Scientists from Vanderbilt-Ingram Cancer Center (VICC) collaborated with researchers from New York to determine that 9/11 first responders to the World Trade Center have increased levels of mutations that escalate their risk for blood cancers or cardiovascular disease, according to a study published March 7 in Nature Medicine.

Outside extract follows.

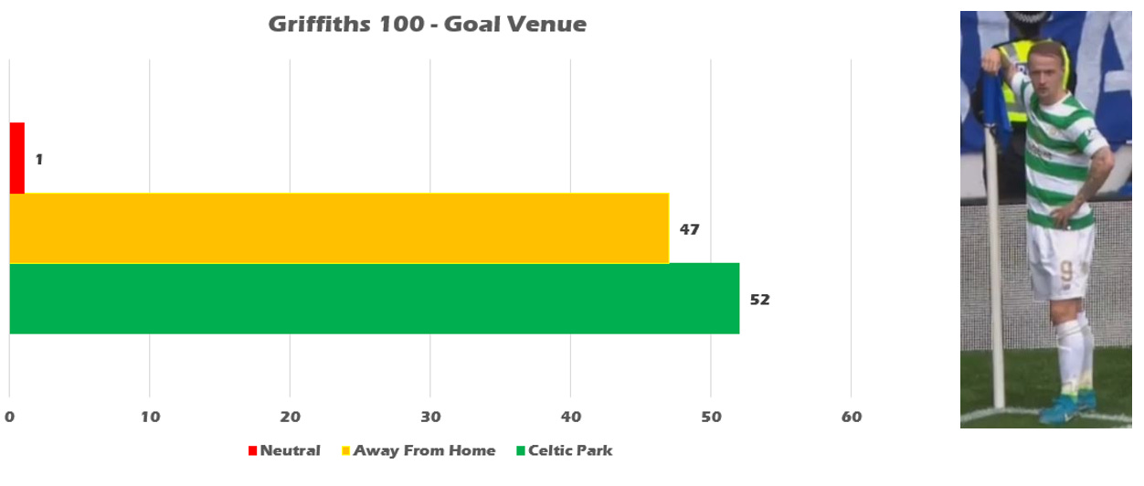 Griffiths is happy to score on any ground and has almost a 50/50 split between home and away goals. He has 1 goal at Hampden in a League Cup Semi Final versus The Rangers.

The researchers determined that a significantly higher percentage of World Trade Center responders have an increased mutational burden when compared to blood sample data from BioVU, Vanderbilt’s biorepository of DNA extracted from discarded blood collected during routine clinical testing. Among the World Trade Center firefighters, 10% had evidence of clonal hematopoiesis compared to 6.7% for firefighters who were not exposed to particulate matter from the burning skyscrapers. Clonal hematopoiesis is an age-associated phenomenon marked by mutations in commonly mutated genes within blood cells that provide those cells a competitive advantage and increases risk of blood cancer and cardiovascular disease.
The VUMC team was able to access the DNA of 203 Nashville firefighters from BioVU. The Vanderbilt team was able to use the de-identified, annotated data within the Synthetic Derivative (SD) to locate over 200 firefighters who were age, sex and smoking-status matched to first responders at the World Trade Center disaster. Combined with 52 firefighters recruited at the annual convention of the International Association of Firefighters, this control group was compared to those exposed to particulate matter at the World Trade Center disaster.
The VICC researchers were led by Michael Savona, MD, holder of the Beverly and George Rawlings Directorship in Hematology Research, professor of Medicine and Head of Hematology, Cellular Therapy and Stem Cell Transplantation at VICC.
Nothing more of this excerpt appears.